TASK STATEMENT: Reproduce each line of the following material exactly, omitting the images.

COLLECTED MATERIAL:

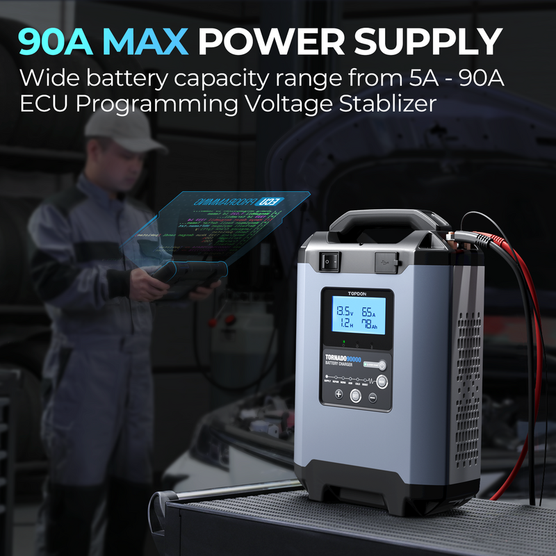 Tornado90000 - это новейшее передовое интеллектуальное зарядное устройство от TOPDON, предназначенное для профессиональных и коммерческих пользователей. Это устройство подходит для всех типов свинцово-кислотных аккумуляторов на 12В и 24В, с широким диапазоном емкости аккумуляторов от 5 до 90 ампер. Tornado90000 оснащен функцией редактирования тока/напряжения и обеспечивает пользователям необходимую защиту аккумуляторов благодаря 9-ступенчатому интеллектуальному методу зарядки и 6 режимам зарядки. Режим SUPPLY обеспечивает стабильный выход постоянного тока и может использоваться в качестве стабилизатора программного напряжения.
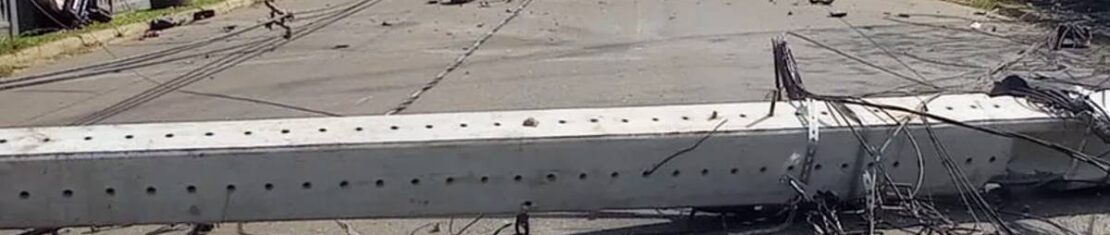 Motorista derruba postes em Curitiba e some do local do acidente; Motor voou pra longe do carro!
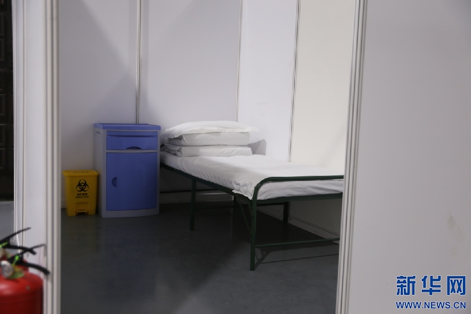 方艙庇護(hù)醫(yī)院隔間內(nèi)配備行軍床、床頭柜、垃圾桶等,可滿足隔離患者基本居住需求。(新華網(wǎng) 李倩)
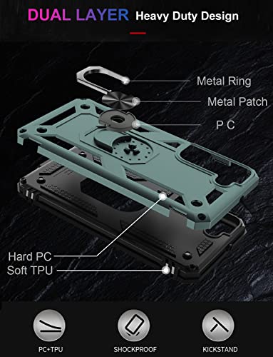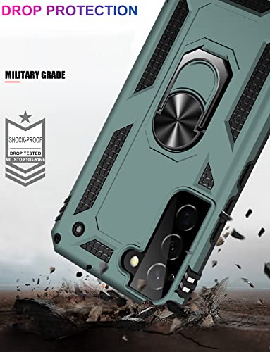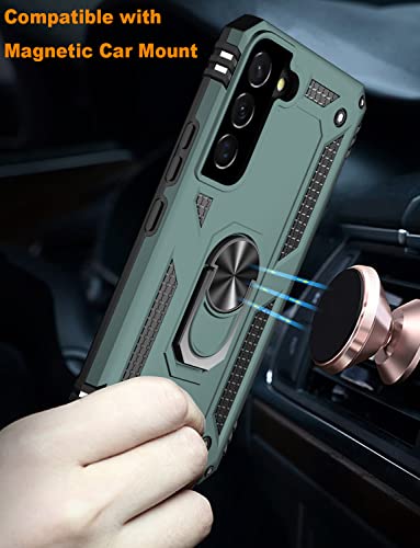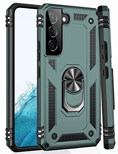 IKAZZ for Galaxy S22 Case,Military Grade Shockproof Heavy Duty Protective Phone Cover Pass 16ft Drop Test with Magnetic Kickstand Car Mount Holder Pine Green

EXERCISE SOLUTION:
 Tornado90000 - это новейшее передовое интеллектуальное зарядное устройство от TOPDON, предназначенное для профессиональных и коммерческих пользователей. Это устройство подходит для всех типов свинцово-кислотных аккумуляторов на 12В и 24В, с широким диапазоном емкости аккумуляторов от 5 до 90 ампер. Tornado90000 оснащен функцией редактирования тока/напряжения и обеспечивает пользователям необходимую защиту аккумуляторов благодаря 9-ступенчатому интеллектуальному методу зарядки и 6 режимам зарядки. Режим SUPPLY обеспечивает стабильный выход постоянного тока и может использоваться в качестве стабилизатора программного напряжения.
 Motorista derruba postes em Curitiba e some do local do acidente; Motor voou pra longe do carro!
 方艙庇護(hù)醫(yī)院隔間內(nèi)配備行軍床、床頭柜、垃圾桶等,可滿足隔離患者基本居住需求。(新華網(wǎng) 李倩)
 IKAZZ for Galaxy S22 Case,Military Grade Shockproof Heavy Duty Protective Phone Cover Pass 16ft Drop Test with Magnetic Kickstand Car Mount Holder Pine Green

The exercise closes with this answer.